I do not want to oversimplify and reduce to nothing all of the structures of the church and of ministry, but they are not our ministry.  They are but tools.

 

It is all so simple, and yet it is so profound and deep.  It is so easy, and yet impossibly difficult for us.  We can do the organizing and the P.R.  We can do the “circumcision” and the “uncircumcision”   But the new creation and the going out without any of our trappings we find all but impossible.  They are about God’s work and presence.  They are about trusting God and not ourselves.  They are about letting God work through us and not us relying only on our resources.

 

Two stories illustrate something of what I am thinking.  I leave them with you.  Listen to them and let them touch you.  I think that they are rich.

 

This story is from Frederick Buechner’s The Clown in the Belfry (HarperCollins, 1992).

 

“I remember an especially dark time of my life.  One of my children was sick, and in my anxiety for her I was in my own way as sick as she was.  Then one day the phone rang, and it was a man I didn’t know very well then though he has become a great friend since, a minister from Charlotte, North Carolina, which is about 800 miles or so from where I live in Vermont.  I assumed he was calling from home and asked him how things were going down there only to hear him say that no, he wasn’t in Charlotte.  He was at an inn about twenty minutes away from my house.  He’d known I was having troubles, he said, and he thought maybe it would be handy to have an extra friend around for a day or two.  The reason he didn’t tell me in advance that he was coming must have been that he knew I would tell him for Heaven’s sake not to do anything so crazy, so for Heaven’s sake he did something crazier still which was to come those 800 mile without telling me he was coming so that for all he knew I might not even have been there.  But as luck had it, I was there, and for a day or two he was there with me.  He was there for me.  I don’t think anything we found to say to each other amounted to very much or had anything particularly religious about it.  I don’t remember even spending much time talking about my troubles with him.  We just took a couple of walks, had a meal or two together and smoked our pipes, drove around to see some of the countryside, and that was it. 

 

I have never forgotten how he came all that distance just for that, and I’m sure he has never forgotten it either.  I also believe that although as far as I can remember we never so much as mentioned the name of Christ, Christ was as much in the air we breathed those few days as the smoke of our pipes was in the air, or the dappled light of the woods we walked through.  I believe that for a little time we both of us touched the hem of Christ’s garment, were both of us, for a little time anyway, healed.”

 

The second includes a story, but is more than that.  I take it from a sermon by the Rev. Dr.
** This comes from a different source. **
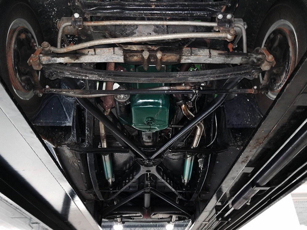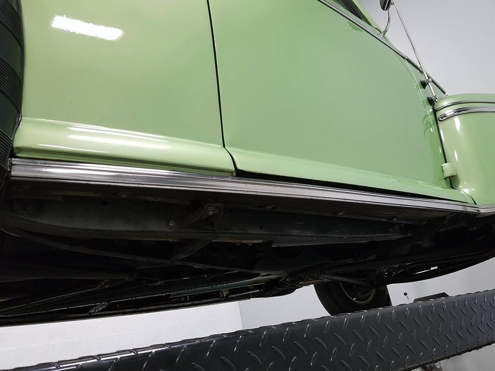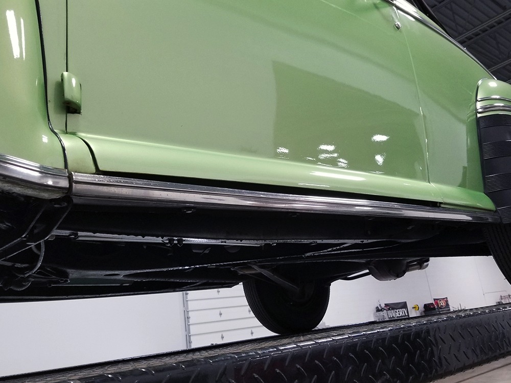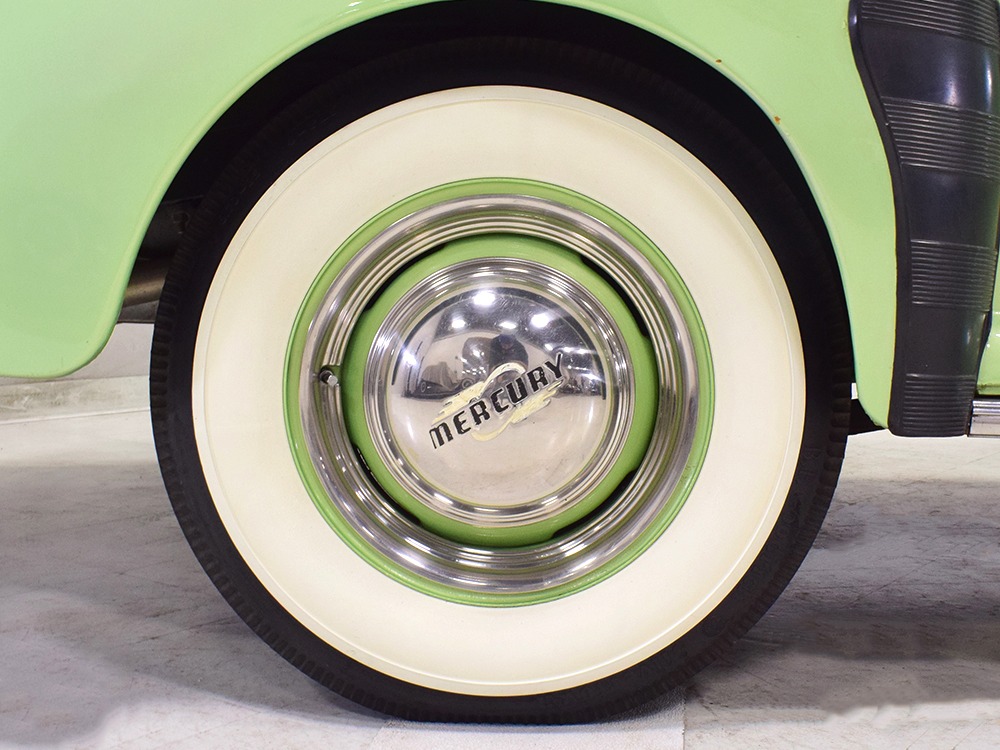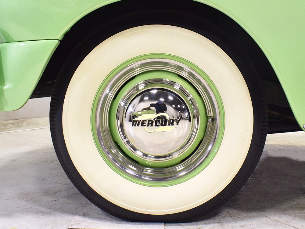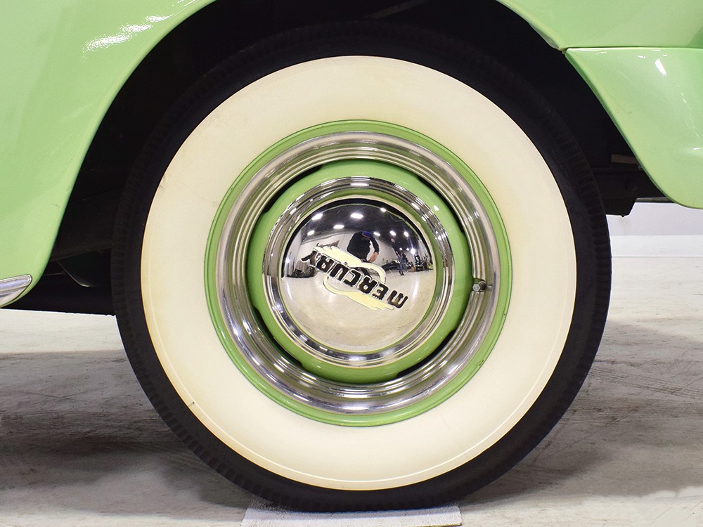 Underneath, the chassis and floors are in excellent condition with no signs that it was ever a rusty car. The stock 3-speed manual has a fresh clutch that doesn’t have the usual flathead chatter, even in reverse, and the original rear end features 3.55 gears for decent cruising under all conditions. The suspension is completely stock, right down to the correct gaiters on the transverse leaf springs and stock drum brakes all around are plenty effective for the car’s performance. Dual exhaust with Smitty mufflers sounds like it’s 1954 all over again and it has the kind of springy, eager handling that makes all flathead Fords (and Mercurys!) a delight to drive. The floors are in great shape with nothing to hide, the lines and hoses were all replaced during the restoration, and there’s a new gas tank hanging out back. Factory 16-inch wheels carry Mercury hubcaps and trim rings, as well as correct 6.70-15 BFGoodrich Silvertown wide whitewall tires.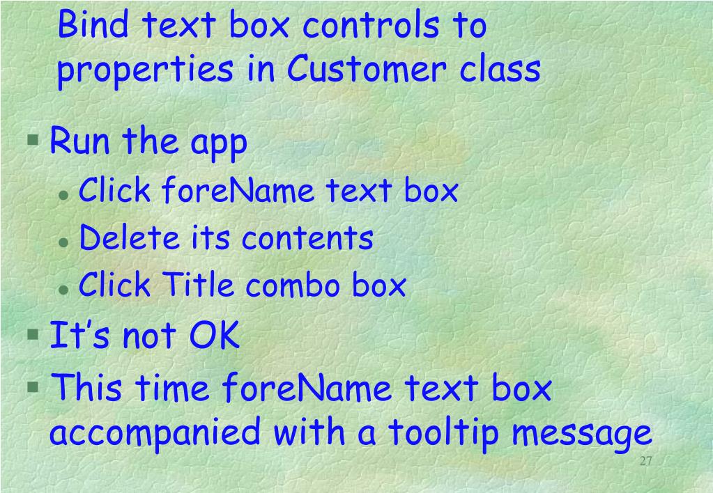 Bind text box controls to properties in Customer class Run the app Type two names, fill both text boxes Click Title combo box IT’s OK Nothing extraordinary happens 26

H. King Oehmig for he says so well what I am trying to say.  I would rather just quote him rather than paraphrase him.

 

“G. K. Chesterton, the Roman Catholic layman, was asked one day by an interviewer what book he would like to have with him if he were marooned on a desert island.  Chesterton thought for a moment.  During the wait, the interviewer blurted out, ‘The Bible?  Shakespeare?’  Chesterton shook his head.  ‘No, I really think I would like to have a book on shipbuilding.’

 

Wholeheartedness?  Yes.  Singlemindedness?  Yes.  But in evangelizing for Christ, don’t forget your humanity.  That you, too, are a worldling.  That you don’t have all answers.  That you take the Kingdom seriously, but not yourself.  That God is at the center, not yourself.  That you have come not to bring Christ but to discover Christ with them.  ‘Cast nets, not stones,” Sam Shoemaker used say, and the best ‘net’ to cast is the simple good news that Jesus has saved (and is till saving) a wretch like me.  If you yourself are full of the Gospel, the stream will find a way to overflow to others.”